Sydney sighed and tried not to show the wave of dizziness that flooded over him. "When we head back to our seats," he promised in a weak voice, "I'll bring it to you then."
She nodded silently, and then doubled over again. When the long spate of retching passed, she looked over at the silhouette of her old friend in the narrow space between the metal sheets. "You know you don't have to…"
"I know…" he answered, wiping his face down with his hand and wishing that simple act would help restore his equilibrium. "I'd rather, though – unless you don't want me here…"
"No…" This time it was Miss Parker's voice that sounded weak – and she flinched hearing it and knowing how it violated her sense of propriety and independence to have to admit that she genuinely needed Sydney to at least be near. "Don't go…"

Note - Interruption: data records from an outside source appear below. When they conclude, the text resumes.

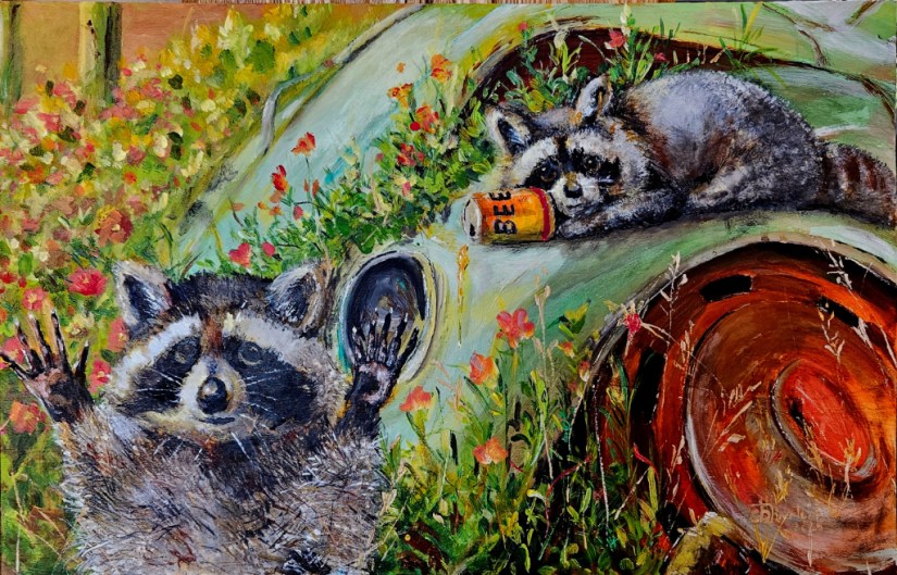 A playful protest of the effect humans have on wildlife as they encroach on nature. Exhibited. Art Gone Wild show, The Kelly Fitzpatrick Center for the Arts, 2025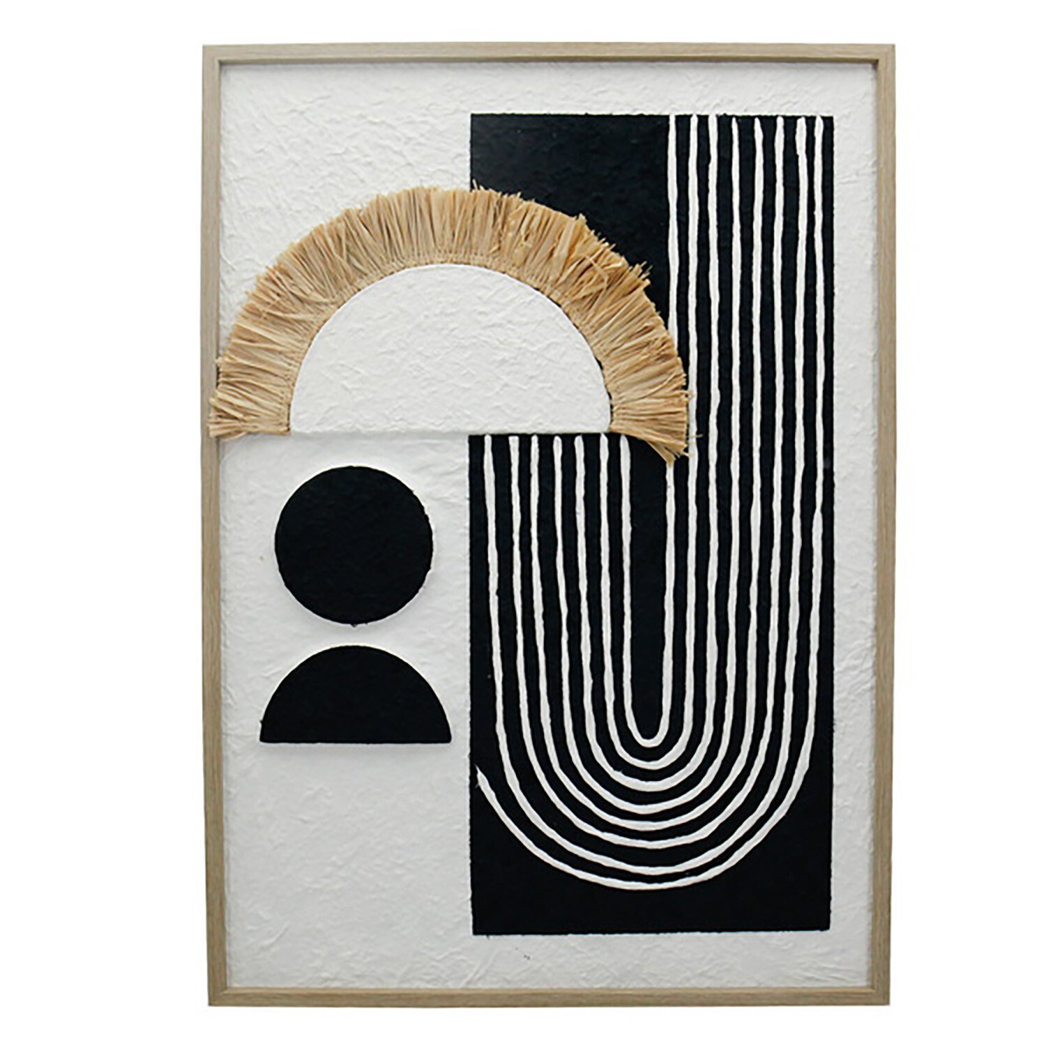 Elevate your space with the Textured 3D Abstract Tassel Framed Art. This modern piece features a monochrome colour scheme and contemporary shapes, accented with a neutral, textured straw detail. Two unique designs are available, each offering a fresh aesthetic. The easy-to-hang design makes it a stunning centrepiece for living rooms, hallways, or bedrooms.
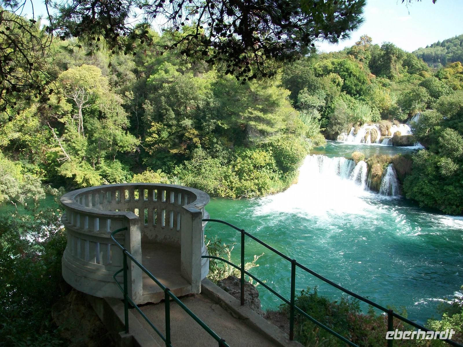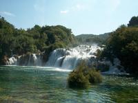 Der weitere Weg führt uns durch die Stadt Knin und hinter den Ort Drniš sind wir dann endgültig im mediterranen Einflussbereich angekommen, was uns auch die Vegetation verrät. Gegen Mittag langen wir am Krka- Nationalpark an, ein kleiner Imbiss stärkt uns für die nächsten Stunden. Dann geht die Fahrt hinunter zum Skradinski Buk, dem spektakulären Wasserfall. Die Straße führt uns in Serpentinen abwärts und es wird der Blick frei auf eine phantastische Naturlandschaft. Der Fluss Krka hat sich hier seenartig verbreitert, unter uns hat sich eine blaue Wasserfläche ausgedehnt die sich fast bis zum Horizont erstreckt.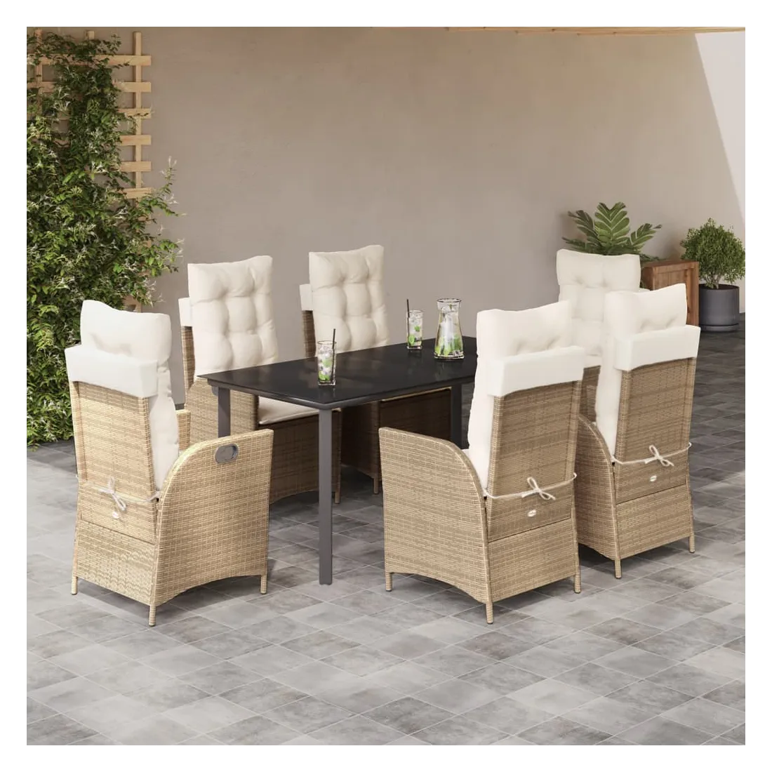 Cet ensemble de salle à manger de jardin est un excellent choix pour les repas en plein air ou pour vous détendre dans le jardin, dans l'arrière-cour ou sur la terrasse. Matériau durable : la résine tressée, également connue sous le nom de poly rotin, est un matériau synthétique solide et nécessitant peu d'entretien qui ressemble au rotin naturel. Il est léger, facile à nettoyer et couramment utilisé pour les meubles d'extérieur en raison de sa durabilité et de ses propriétés de résistance aux intempéries.Dossier réglable : ce siège de jardin est doté d'une poignée. Vous pouvez régler le dossier dans n'importe quelle position en tirant sur la poignée et le remettre rapidement dans sa position initiale.Expérience d'assise confortable : ce mobilier d'extérieur, doté de coussins épais, offre une expérience d'assise confortable.Housse amovible et lavable : ces coussins de siège sont dotés de housses amovibles pour un lavage et un entretien faciles. Les coussins de dossier ont un rabat à l'arrière pour une fixation facile aux dossiers.Dessus en verre : le dessus de la table d'extérieur est fabriqué en verre trempé solide et durable, ce qui le rend facile à nettoyer avec un chiffon humide et ajoute une touche d'élégance à votre espace extérieur. Bon à savoir : Pour que vos meubles d'extérieur restent beaux, nous vous recommandons de les protéger avec une housse imperméable.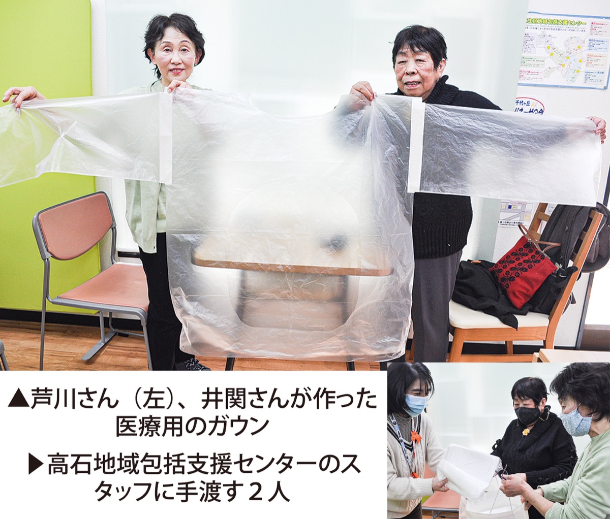 新型コロナの感染拡大に伴い、店頭からマスクが激減した昨春。高石地域包括支援センターは、マスクが必要な人と、作る人をつなげる「手作りマスクプロジェクト」を立ち上げた。そのプロジェクトに参加していた井関さんと芦川さん。井関さんが、かかりつけの歯科医院で、訪問診療の際に使うガウンが足りないという話を聞き、ガウンづくりに賛同してくれた芦川さんと昨年6月頃から2人でガウンづくりを始めた。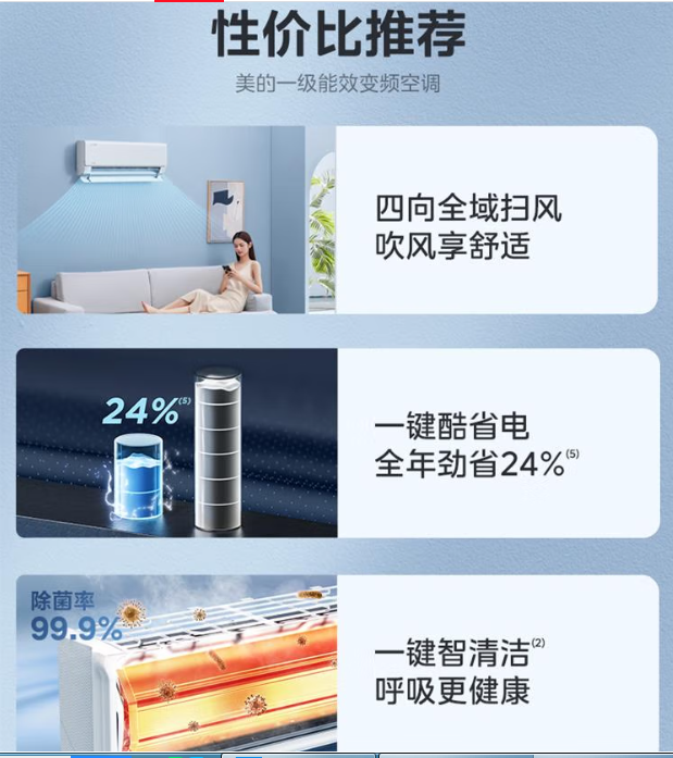 美的(Midea) 美的空调 京绽Pro 1.5匹挂机 变频冷暖 新一级变频壁挂式空调 全域扫风 KFR-35GW/MJ1P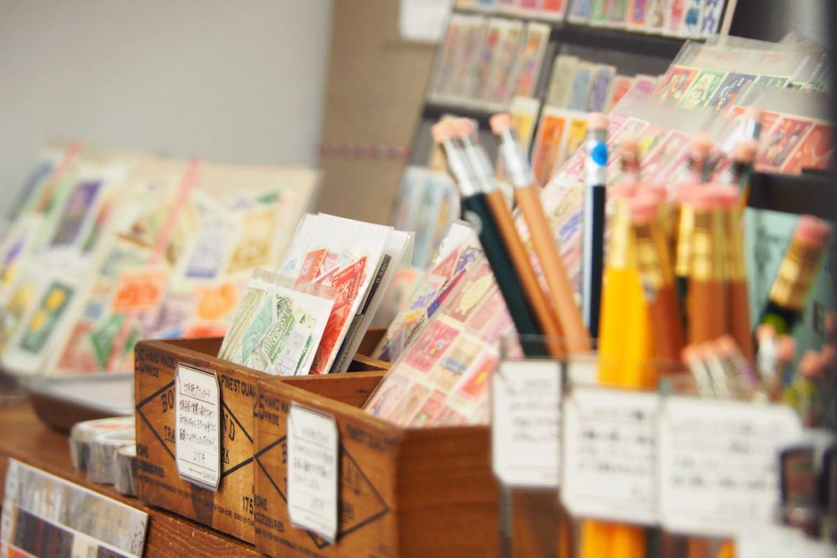 「文具に限らず、この店らしいなと思うものを選んでいます」と山田さん。イチオシは、老舗出版社・野ばら社のレトロなデザインが印象的な図案ハンコやシール。本を開いたまま置いておける文鎮などの読書グッズも人気だ。

"I'm not going anywhere," he promised, knowing it to be more a statement of his own inabilities than reassurance, but unwilling to let her know that. "Are you sure you don't want a blanket out there?"
"No." The refusal was a little stronger, more certain of itself. "I don't want to get it soiled. Oh, damn!" There was the sound of scrambling all of a sudden – and the faint outline of Miss Parker's body suddenly disappeared from view.
"Parker?" Sydney called out in concern. "Parker!"
"I'm OK," her voice floated back to him in a little bit. "I just… This bug hits the intestines as well, it seems…"
"Oh." It was more information than he needed, but it at least disarmed his greater distress on her behalf. Sydney relaxed and leaned once more against the fuselage, pulling his blanket a little tighter about his upper body and trying not to pay much attention to the fact that his left hand was losing feeling in the fingers. He could still move his fingers, and his hand would more or less do as he wanted it to do – and there was little he could do to improve the situation. It wasn't frostbite or blood loss. It was probably nerve damage – and he really didn't want to think about the kind of injury that would have caused it to behave that way.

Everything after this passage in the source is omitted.